I cant answer that but i would guess so, Wait for it.......Columbias watching..................Your answer will arrive soon wont it aaron :thumbsup:


----------



## JustMe (Apr 17, 2009)

bulldog said:


> do the can ams flat heads fit the columbia tube


They should - Can-Am attachments have a bigger inside ball size than the ball on the Columbia tube. The Can-Am tubes have a bigger ball than the Columbia's.

Can-Am's inside mud applicator that cazna is showing fits on my Columbia tube. It's a bit sloppy, but tightens up enough when I put it to the wall.


----------



## JustMe (Apr 17, 2009)

cazna said:


> The canam externals a bit odd, not really for me.


Nobody that I know of who has a Can-Am external uses it. At least I haven't seen them do so.


----------



## Bazooka-Joe (Dec 31, 2010)

P.A. ROCKER said:


> Our offsets are Nocoat 450.


No like the No coat, I have seen the best fuk up with it, softline for me, at least you get instruction on how bad the wood is, steel a different story, still softline for me:whistling2:


----------



## 2buckcanuck (Jul 9, 2010)

P.A. ROCKER said:


> Have you ever used a 4" or 6" mud head to run offset angles? I'm thinking of trying it.
> http://www.all-wall.com/Categories/Compound-Applicators/RedDiamond-6-inch-FlatApplicator.html


If we got a lot of the 325 (or is it 350 ????) no coat, We will use the can-am flat applicator. I think it is 3 to 3.5 inches wide. We only use it on internal 45's, and as I said, we only use it when there's a lot to do. So it works well when doing the 325.

Not sure about that 450 no coat, just switch to the 325, then no problem


----------



## Bazooka-Joe (Dec 31, 2010)

2buckcanuck said:


> If we got a lot of the 325 (or is it 350 ????) no coat, We will use the can-am flat applicator. I think it is 3 to 3.5 inches wide. We only use it on internal 45's, and as I said, we only use it when there's a lot to do. So it works well when doing the 325.
> 
> Not sure about that 450 no coat, just switch to the 325, then no problem



I only use it as emergency, got 3 boxes given to me and they sit in the closet for 3 years, :blink:


----------



## Bazooka-Joe (Dec 31, 2010)

cazna said:


> Not sure how many of you are into mudheads, If your not then your missing out, They really are one of the best and simple drywall tools. Here is my stash, They are the standard heads, Two tapepros and two can ams. The tapepros are a little different but i quite like them, Nice head for external beads. The canam externals a bit odd, not really for me.

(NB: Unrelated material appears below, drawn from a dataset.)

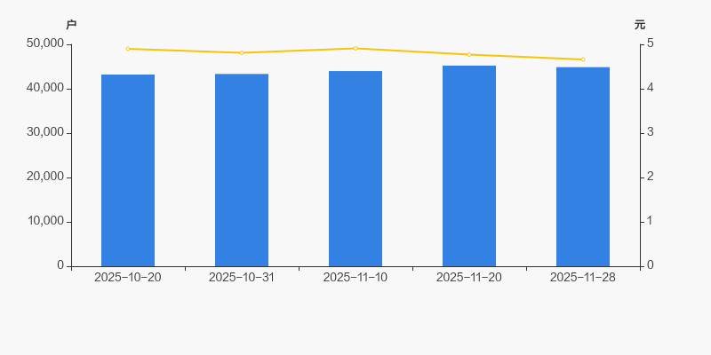 2025年10月20日至今,公司股东户数有所增长,区间涨幅为3.86%。2025年10月20日至2025年11月28日区间股价下降4.90%。

Nice KeyLection you got there Cazna:thumbsup:


----------



## 2buckcanuck (Jul 9, 2010)

cazna said:


> Not sure how many of you are into mudheads, If your not then your missing out, They really are one of the best and simple drywall tools. Here is my stash, They are the standard heads, Two tapepros and two can ams. The tapepros are a little different but i quite like them, Nice head for external beads. The canam externals a bit odd, not really for me.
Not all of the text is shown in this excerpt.